Los resultados para el análisis del Producto C se muestran en las FIGS. 10A-B. Además de los 6 CQA enumerados para el CIA del Producto C, se analizó el impacto de la potencia en los EA probando si existe una correlación entre la dosis del Producto C escalada según el valor de potencia y la aparición de EA en pacientes a los que se les administró una dosis nula, una dosis media o una dosis alta. Como se muestra en la FIG. 10A, se analizó la asociación de la potencia con la aparición de EA con cualquier grado. Como se muestra en la Figura 10B, se analizó la asociación de la potencia con la aparición de EA con un grado de 3 o superior.
Se observó que ninguno de los atributos se correlacionó con ninguno de los eventos adversos evaluados. De esta forma se determinó que los niveles estimados de exposición a los atributos eran seguros.

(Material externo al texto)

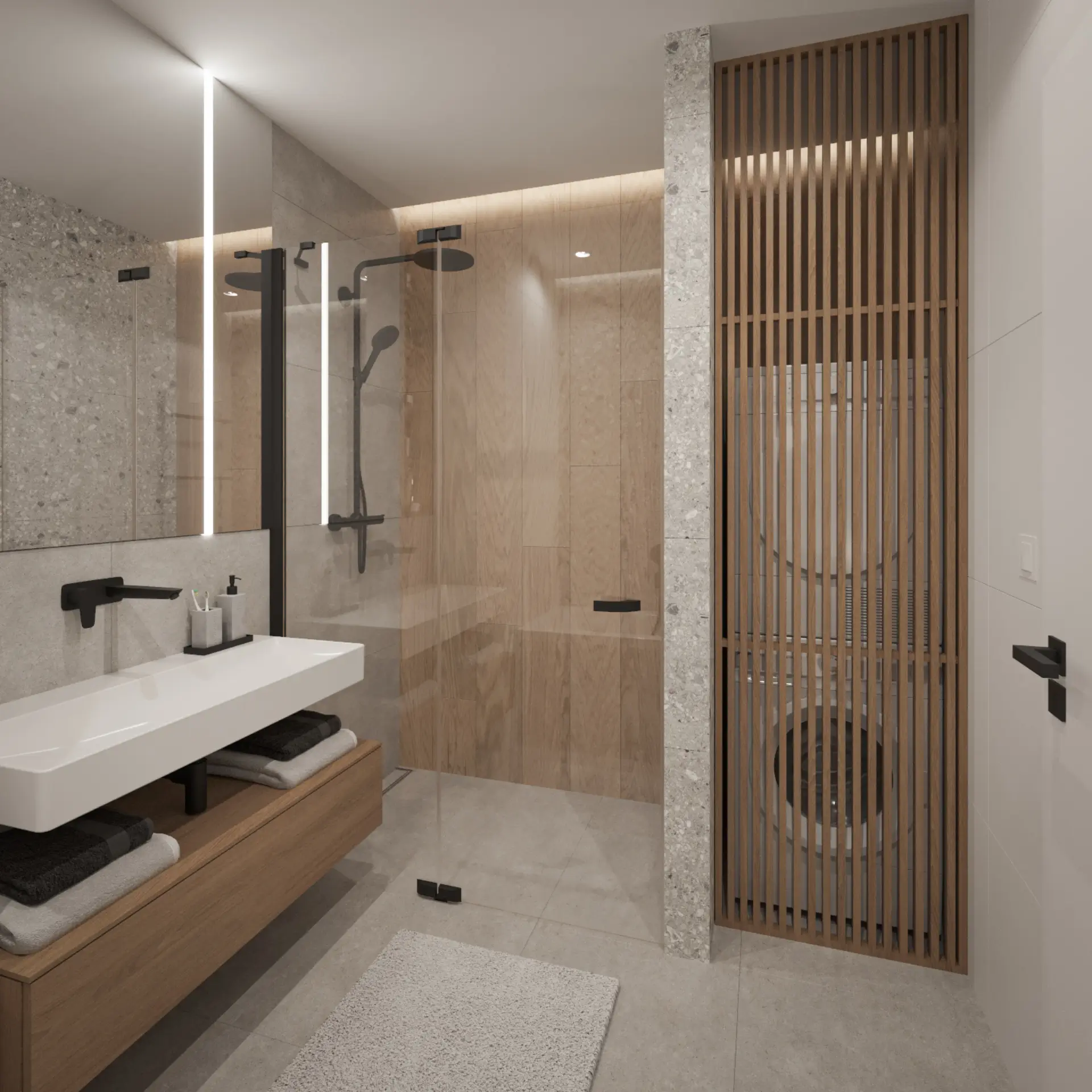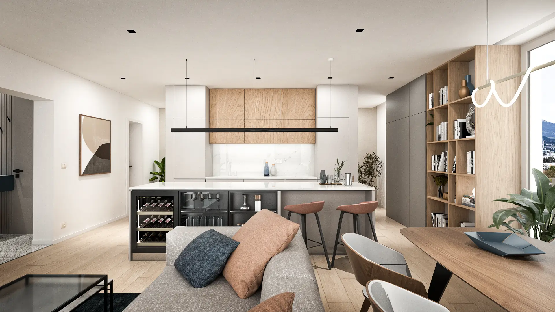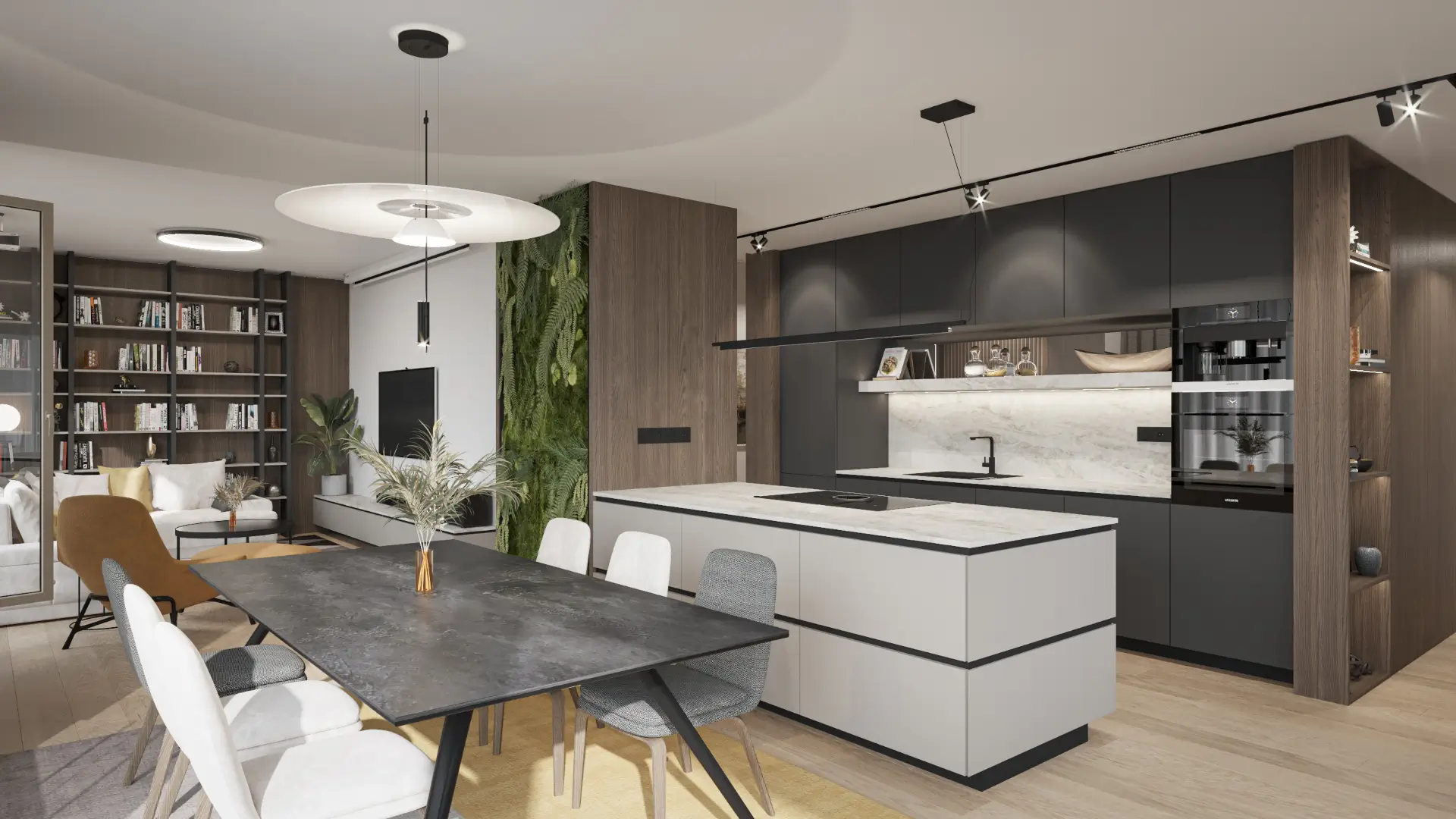 V štandarde bývania nechýba podlahové kúrenie, klimatizácia, hliníkové okná, vonkajšie tienenie ani podzemná garáž. Projekt kladie dôraz na zdravé bývanie – využíva centrálnu rekuperáciu, zelené strechy a solárne panely. Súkromie, kvalita a udržateľnosť sú nosnými piliermi tejto novostavby.

Ejemplo 12: Implementación informática de la estimación bayesiana
Se desarrolló un programa informático para aprovechar el alto poder computacional requerido para el enfoque de estimación bayesiana. El programa proporciona una plataforma interactiva para visualizar el resultado del enfoque de estimación bayesiana con hojas de cálculo proporcionadas por el usuario. El programa también proporciona módulos de ajuste de parámetros para definir valores anteriores, eliminar valores atípicos, y seleccionar múltiples atributos. Se probaron en el sistema un conjunto de datos clínicos procesados para métodos de evaluación de un impacto clínico de un atributo molecular de mAb D, así como algunos datos modelados basados en los datos CIA de mAb D. El método se realizó para probar si existe una correlación positiva entre la exposición a mAb D HMW y la aparición del evento adverso de pirexia comparando las exposiciones diarias máximas a HMW entre los sujetos negativos y positivos al evento adverso. El método no encontró correlación utilizando el método convencional(FIG. 11A).El método bayesiano(FIGs. 11C-D)generó resultados análogos al sistema convencional(FIGs. 11A-B),demostrando la validez del sistema:
(1) Al analizar los datos clínicos de un ensayo clínico de mAb D, el método de estimación bayesiano indicó ausencia de probabilidad de que los atributos estuvieran correlacionados con los resultados clínicos(FIG.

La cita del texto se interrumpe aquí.